Pauspur is a village in the state of Assam in India, located to the south of the Mornai Tea Estate within Kokrajhar district. It had its own Lutheran congregation and church, Pauspur Church, which was closed in 1951.

History

It was built just outside Mornai Tea Estate at the colony's southern border in the late 19th century by missionaries affiliated with the Santal Mission of the Northern Churches. The village of Pauspur is mentioned as early as 1896. The village was named in honour of Bernhard Pauss (whose last name is also spelled Paus), the chairman of the Norwegian Santal Mission, and thus consists of the Norwegian family name Paus and the Sanskrit suffix pur, meaning "city" or "settlement." The village's name was usually spelled Pauspur, although its namesake Bernhard Pauss used a different spelling of his last name.

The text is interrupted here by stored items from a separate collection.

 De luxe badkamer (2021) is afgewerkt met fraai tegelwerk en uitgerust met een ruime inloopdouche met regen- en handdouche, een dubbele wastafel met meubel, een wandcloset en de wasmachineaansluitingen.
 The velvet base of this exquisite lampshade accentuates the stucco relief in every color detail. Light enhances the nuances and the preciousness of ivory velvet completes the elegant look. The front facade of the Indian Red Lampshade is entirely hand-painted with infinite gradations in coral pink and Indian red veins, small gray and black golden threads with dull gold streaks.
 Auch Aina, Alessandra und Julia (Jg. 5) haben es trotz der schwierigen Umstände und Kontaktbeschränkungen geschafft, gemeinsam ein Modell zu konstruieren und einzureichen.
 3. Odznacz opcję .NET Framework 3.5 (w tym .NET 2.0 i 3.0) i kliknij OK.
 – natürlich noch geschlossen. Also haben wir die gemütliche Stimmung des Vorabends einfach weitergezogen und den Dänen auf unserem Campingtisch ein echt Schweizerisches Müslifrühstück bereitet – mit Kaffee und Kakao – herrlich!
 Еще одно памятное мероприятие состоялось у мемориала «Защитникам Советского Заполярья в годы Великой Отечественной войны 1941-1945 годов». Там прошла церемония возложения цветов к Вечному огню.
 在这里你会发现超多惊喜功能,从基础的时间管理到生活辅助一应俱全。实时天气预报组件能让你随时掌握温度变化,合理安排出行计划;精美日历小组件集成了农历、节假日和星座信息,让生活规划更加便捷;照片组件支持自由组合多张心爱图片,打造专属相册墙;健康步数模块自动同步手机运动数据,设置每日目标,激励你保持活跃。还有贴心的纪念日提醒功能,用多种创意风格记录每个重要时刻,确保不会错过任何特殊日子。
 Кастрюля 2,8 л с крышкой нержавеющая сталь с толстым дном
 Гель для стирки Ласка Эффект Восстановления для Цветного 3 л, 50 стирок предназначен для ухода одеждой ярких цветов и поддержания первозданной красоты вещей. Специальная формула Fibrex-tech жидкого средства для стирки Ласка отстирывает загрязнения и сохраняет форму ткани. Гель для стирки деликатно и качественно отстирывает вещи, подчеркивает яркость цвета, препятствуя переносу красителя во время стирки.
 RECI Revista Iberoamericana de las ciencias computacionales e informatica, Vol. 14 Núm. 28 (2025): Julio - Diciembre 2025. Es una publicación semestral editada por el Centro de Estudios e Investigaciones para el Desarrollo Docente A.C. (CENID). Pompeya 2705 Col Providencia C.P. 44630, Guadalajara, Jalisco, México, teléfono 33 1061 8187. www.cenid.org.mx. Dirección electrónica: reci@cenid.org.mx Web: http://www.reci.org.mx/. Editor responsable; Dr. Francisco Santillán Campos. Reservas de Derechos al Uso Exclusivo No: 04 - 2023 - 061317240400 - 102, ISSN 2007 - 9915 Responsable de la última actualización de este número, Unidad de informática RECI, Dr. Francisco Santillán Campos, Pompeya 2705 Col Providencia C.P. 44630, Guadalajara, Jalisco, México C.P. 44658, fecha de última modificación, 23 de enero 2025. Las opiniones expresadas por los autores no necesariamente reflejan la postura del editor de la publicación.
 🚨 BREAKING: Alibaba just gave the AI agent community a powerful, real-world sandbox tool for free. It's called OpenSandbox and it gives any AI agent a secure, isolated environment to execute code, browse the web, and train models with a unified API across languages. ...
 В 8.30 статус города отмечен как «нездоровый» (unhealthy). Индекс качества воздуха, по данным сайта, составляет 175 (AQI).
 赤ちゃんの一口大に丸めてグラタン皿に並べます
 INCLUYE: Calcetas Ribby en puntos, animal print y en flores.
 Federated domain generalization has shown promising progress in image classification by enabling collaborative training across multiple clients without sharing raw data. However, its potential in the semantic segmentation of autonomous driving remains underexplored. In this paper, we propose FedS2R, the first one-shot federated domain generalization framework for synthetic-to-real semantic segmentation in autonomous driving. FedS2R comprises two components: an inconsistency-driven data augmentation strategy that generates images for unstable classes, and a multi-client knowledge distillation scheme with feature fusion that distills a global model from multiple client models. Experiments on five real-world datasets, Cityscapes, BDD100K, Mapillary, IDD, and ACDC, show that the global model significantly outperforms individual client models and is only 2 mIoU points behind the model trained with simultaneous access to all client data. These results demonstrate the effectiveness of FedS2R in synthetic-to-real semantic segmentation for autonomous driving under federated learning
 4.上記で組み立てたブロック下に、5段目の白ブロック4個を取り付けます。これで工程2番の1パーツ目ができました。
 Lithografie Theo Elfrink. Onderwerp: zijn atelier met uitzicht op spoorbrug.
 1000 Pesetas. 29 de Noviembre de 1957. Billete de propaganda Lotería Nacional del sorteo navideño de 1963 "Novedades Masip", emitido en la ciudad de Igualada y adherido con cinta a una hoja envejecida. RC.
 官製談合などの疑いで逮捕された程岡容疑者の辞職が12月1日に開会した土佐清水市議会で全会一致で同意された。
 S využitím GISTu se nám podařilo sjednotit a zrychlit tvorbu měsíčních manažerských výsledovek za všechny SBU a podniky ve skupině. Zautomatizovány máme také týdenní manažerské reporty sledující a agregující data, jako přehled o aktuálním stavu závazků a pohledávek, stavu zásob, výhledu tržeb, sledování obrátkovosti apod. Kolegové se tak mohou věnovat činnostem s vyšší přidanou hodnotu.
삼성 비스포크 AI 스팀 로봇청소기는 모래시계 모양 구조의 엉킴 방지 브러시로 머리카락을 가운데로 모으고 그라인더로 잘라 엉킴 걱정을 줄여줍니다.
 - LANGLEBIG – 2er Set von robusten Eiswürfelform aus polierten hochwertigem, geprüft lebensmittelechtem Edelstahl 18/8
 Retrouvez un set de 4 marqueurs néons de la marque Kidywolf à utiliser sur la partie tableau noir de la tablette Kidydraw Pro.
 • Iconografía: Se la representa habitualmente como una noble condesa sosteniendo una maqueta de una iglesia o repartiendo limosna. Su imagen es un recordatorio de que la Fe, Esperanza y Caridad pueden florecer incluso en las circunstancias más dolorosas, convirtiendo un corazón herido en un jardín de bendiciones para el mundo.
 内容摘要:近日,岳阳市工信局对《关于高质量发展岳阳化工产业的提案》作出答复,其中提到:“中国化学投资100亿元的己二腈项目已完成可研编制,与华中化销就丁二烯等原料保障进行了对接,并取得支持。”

A map including the village's location is included in the book Santalmisjonens historie.

The village had its own Bengali-language Protestant church. The Bengali-speaking Christians of the colony lived mainly in Pauspur or Bijoepur. In 1919 services were held in a buffalo stable in Pauspur. In 1921 the journal Santalen mentioned a small church in Pauspur. A new church in Pauspur was completed in 1939. However, in 1951, Pauspur church was closed and religious services were moved to a newly completed church in Dingdinga.

Pauspur is located around 40 kilometres to the south of Bhutan and around 25 kilometres to the north of Bangladesh.